Task
Here the job is to transcribe the data verbatim while leaving each picture out.

Data provided
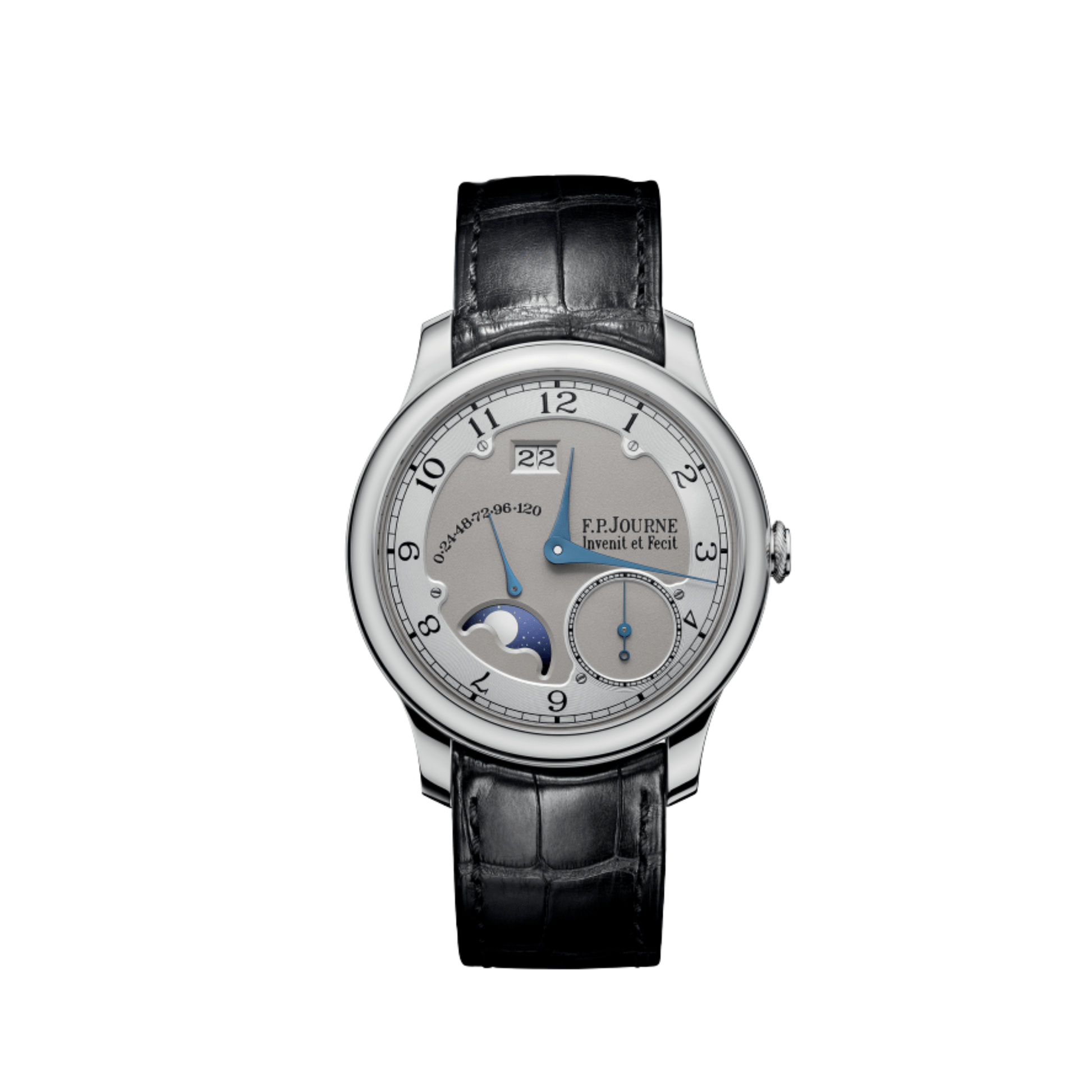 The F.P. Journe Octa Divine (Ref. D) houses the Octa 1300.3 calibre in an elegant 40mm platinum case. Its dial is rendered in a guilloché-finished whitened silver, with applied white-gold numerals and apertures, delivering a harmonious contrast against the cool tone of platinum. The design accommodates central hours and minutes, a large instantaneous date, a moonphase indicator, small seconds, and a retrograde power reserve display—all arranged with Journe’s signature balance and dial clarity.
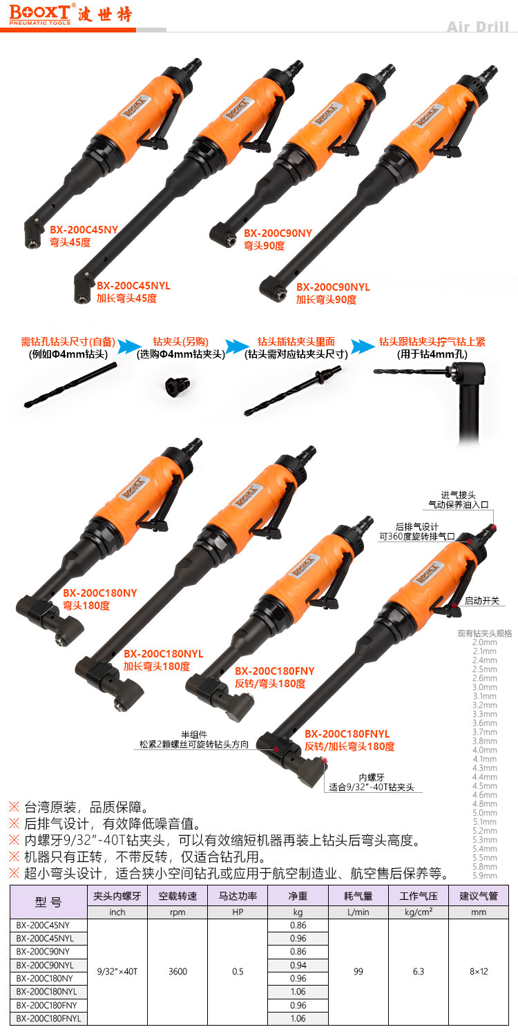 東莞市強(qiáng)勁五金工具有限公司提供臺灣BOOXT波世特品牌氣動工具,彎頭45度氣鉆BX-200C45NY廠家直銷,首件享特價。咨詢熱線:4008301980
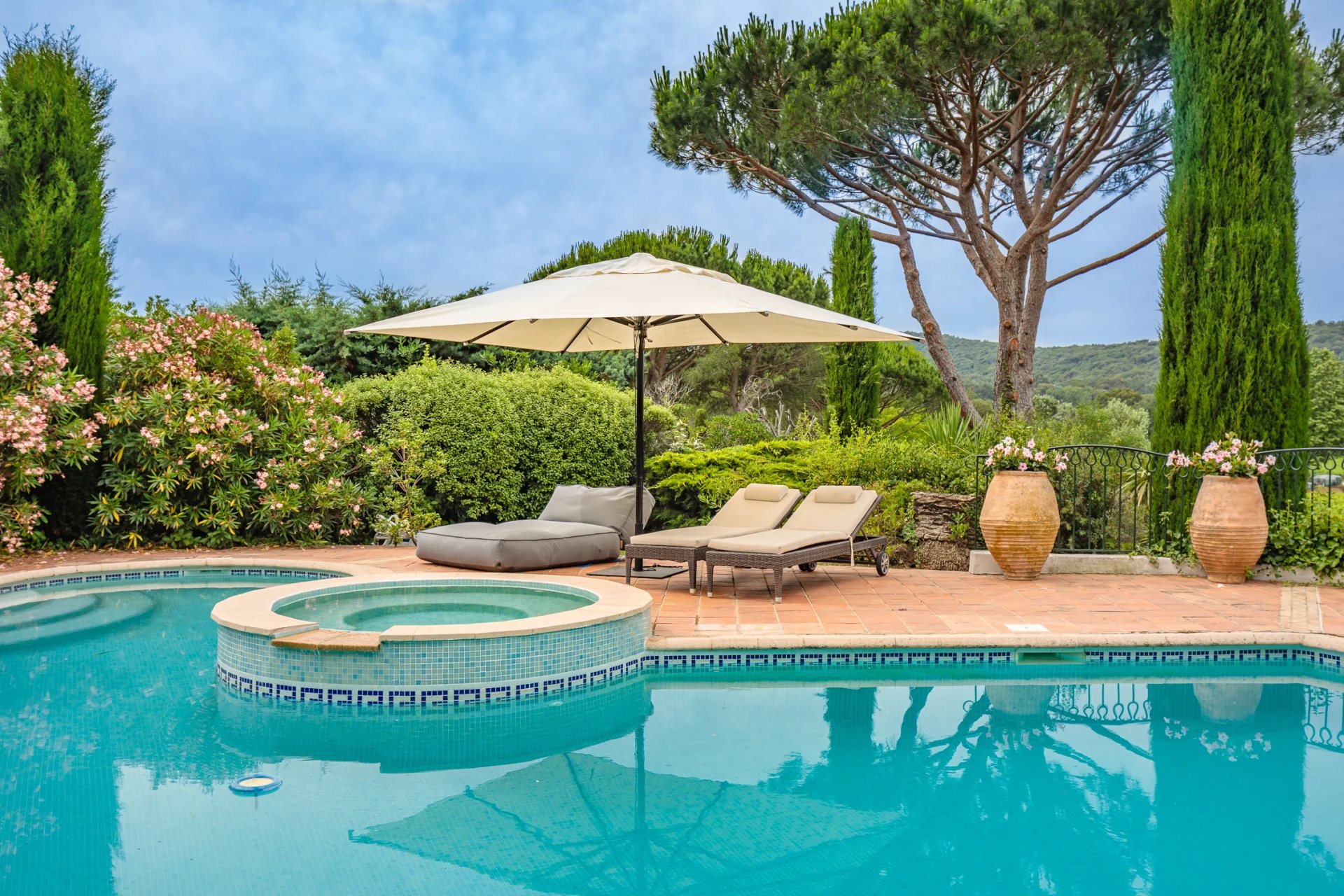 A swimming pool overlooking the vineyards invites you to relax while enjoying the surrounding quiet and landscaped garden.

Answer for this exercise
 The F.P. Journe Octa Divine (Ref. D) houses the Octa 1300.3 calibre in an elegant 40mm platinum case. Its dial is rendered in a guilloché-finished whitened silver, with applied white-gold numerals and apertures, delivering a harmonious contrast against the cool tone of platinum. The design accommodates central hours and minutes, a large instantaneous date, a moonphase indicator, small seconds, and a retrograde power reserve display—all arranged with Journe’s signature balance and dial clarity.
 東莞市強(qiáng)勁五金工具有限公司提供臺灣BOOXT波世特品牌氣動工具,彎頭45度氣鉆BX-200C45NY廠家直銷,首件享特價。咨詢熱線:4008301980
 A swimming pool overlooking the vineyards invites you to relax while enjoying the surrounding quiet and landscaped garden.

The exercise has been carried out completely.